From a talk this week by David Miliband, head of the International Rescue Committee and former British Foreign Secretary:
- 20 million refugees have fled their country in fear of persecution for racial, ethnic or political reasons.
- 40 million people are internally displaced within their country.
- 200+ million migrants have left their country in search of a better life.
- 1% of all refugees went home last year.
- 17 years is the average duration of exile.
- 86% of refugees and displaced people are in poor countries.

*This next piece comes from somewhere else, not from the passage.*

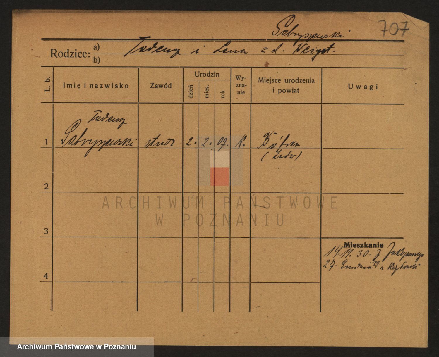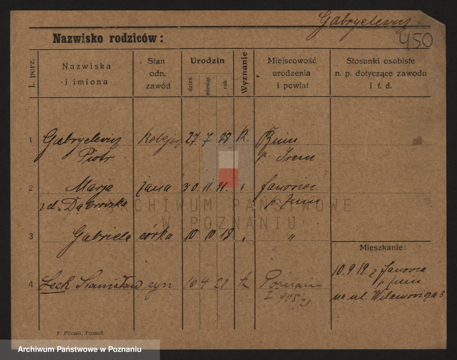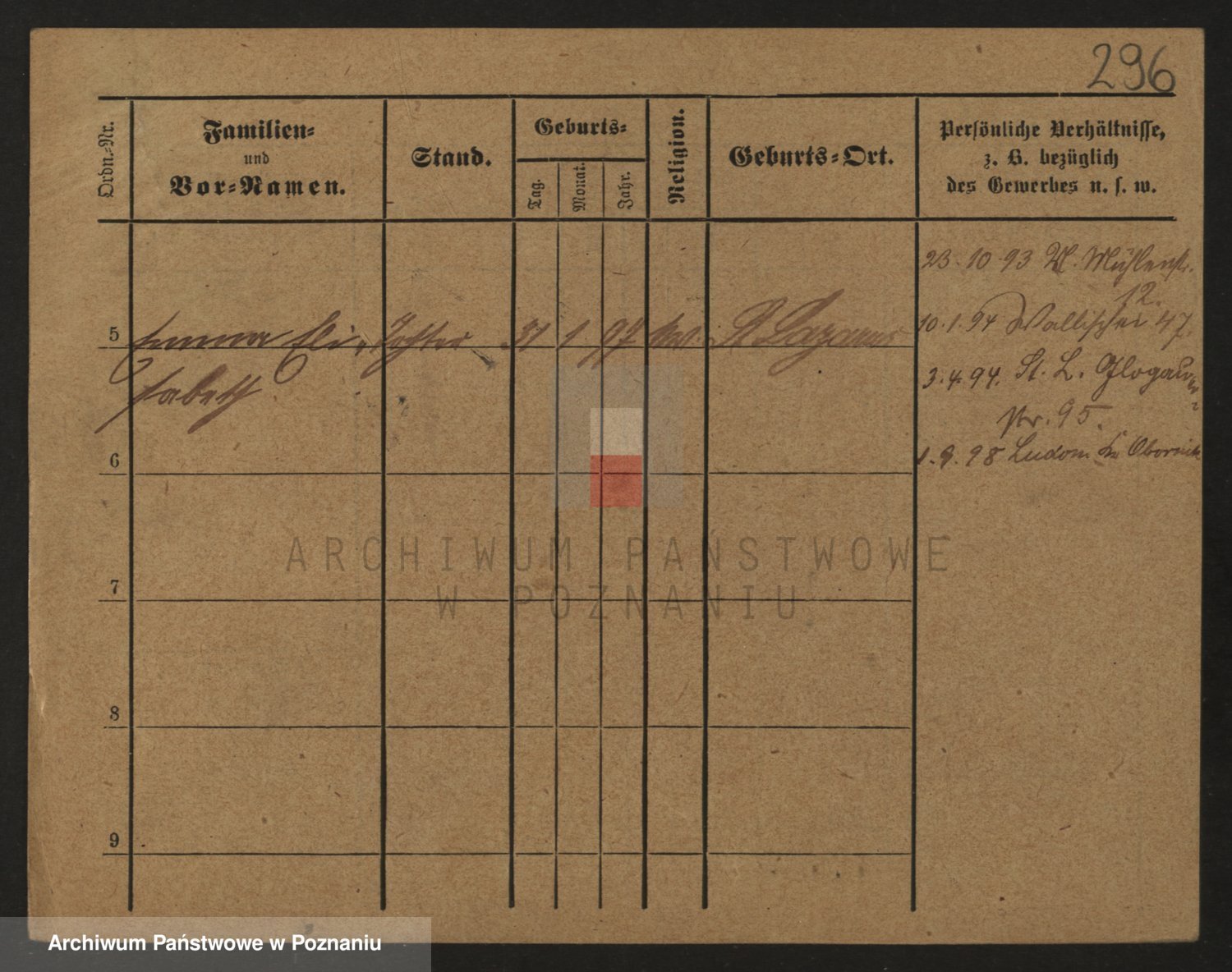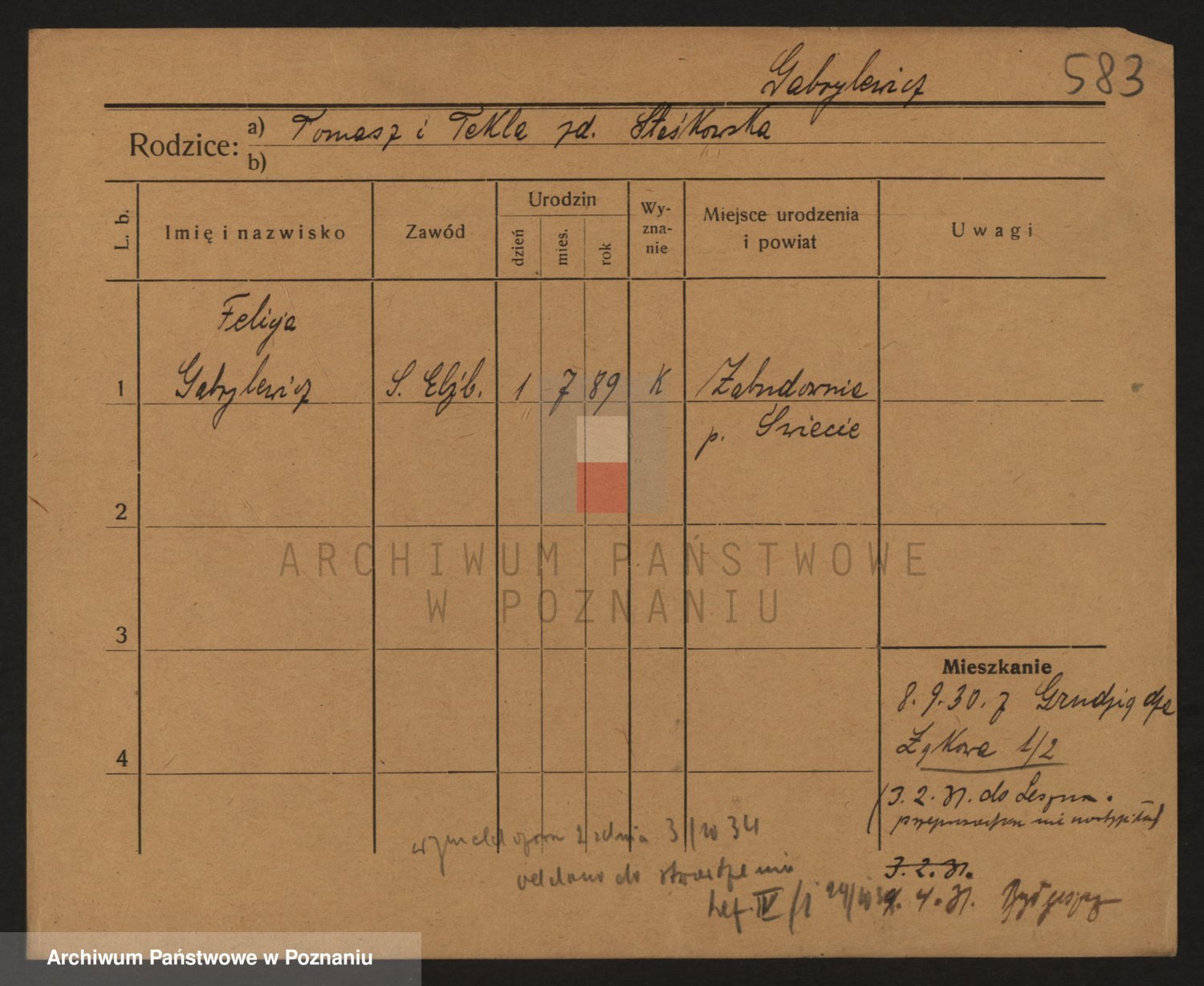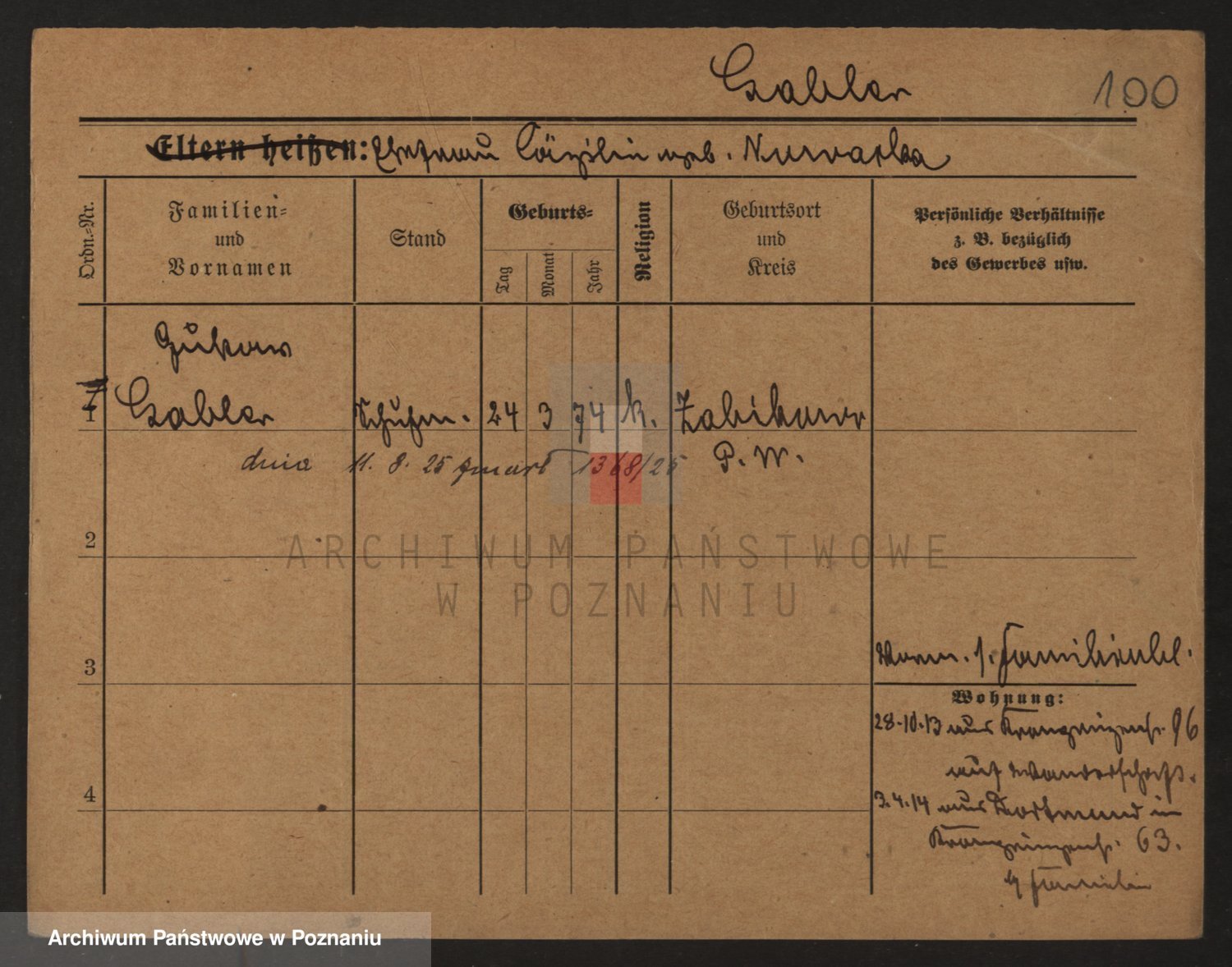 Podgląd karty osobowej dostępny jest po kliknięciu na nazwisko lub ikonkę karty. Można dokonywać powiększenia (ikony na górze) lub przechodzić między kolejnymi skanami (strzałki po bokach).
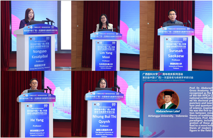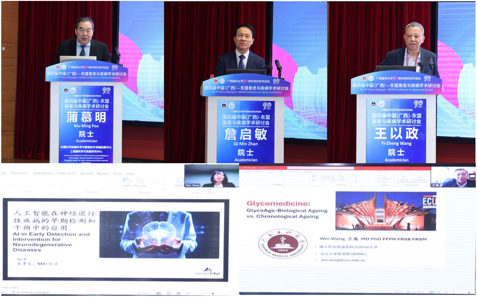 11月19日至22日,在beat365英国官网网站90周年华诞之际,由beat365英国官网网站主办,长寿与老年相关疾病教育部重点实验室、beat365英国官网网站、广西解剖学会等单位承办的第四届中国(广西)-东盟衰老与疾病学术研讨会在我校成功举行。国际著名神经生物学家、中国科公司院士、美国国家科公司院士、中国科公司脑科学与智能技术卓越创新中心学术主任蒲慕明,中国工程院院士、北京大学原常务副董事长詹启敏,中国科公司院士、复旦大学脑科学转化研究院经理王以政,美国国家人工智能科公司院士Catherine Yang,英国皇家医公司院士、澳大利亚埃迪思科文大学副董事长Wei Wang等院士们为大会做主旨报告。beat365英国官网网站党委副书记、董事长曾志羽教授,北京大学詹启敏院士,泰国清迈大学Nongyao Kasatpibal教授、广西科公司元昌安经理、广西科协王鸿鹄副主席先后在开幕式上致辞。集团相关职能部门和二级公司的领导、老师,清华大学十余位师生、80多位东盟国家职工、250多位青年员工参加了会议。公司党委常委、副董事长卢德成主持开幕式。

With states collapsing, particularly in the Middle East and Africa, the increase in horrendous violence and disrespect for humanitarian law, and “the absence of legal routes to hope and dignity,” this is a crisis no wall can contain. Globalization isn’t just a political policy, it’s an international reality; and “America First” code language is not the answer – particularly if you consider these numbers from Steve Phillips’ Brown is the New Black:
- In the last 50 years, people of color have increased from 12% to 37% of the U.S. population.
- Latinos have grown from 9 million to 54 million; Asians from 2 million to 18 million.
- Our population increases by 8,000 people a day, 90% of whom are non-white.
Clearly these are unsettling numbers for the dwindling white majority – even if they are a fulfillment of America’s self-image: a melting pot; a nation of immigrants; a land where all men are created equal and anyone can grow up to be president. Maybe it’s a cause for celebration instead of fear. And it seems a good time to recognize how much we have in common with the rest of the world.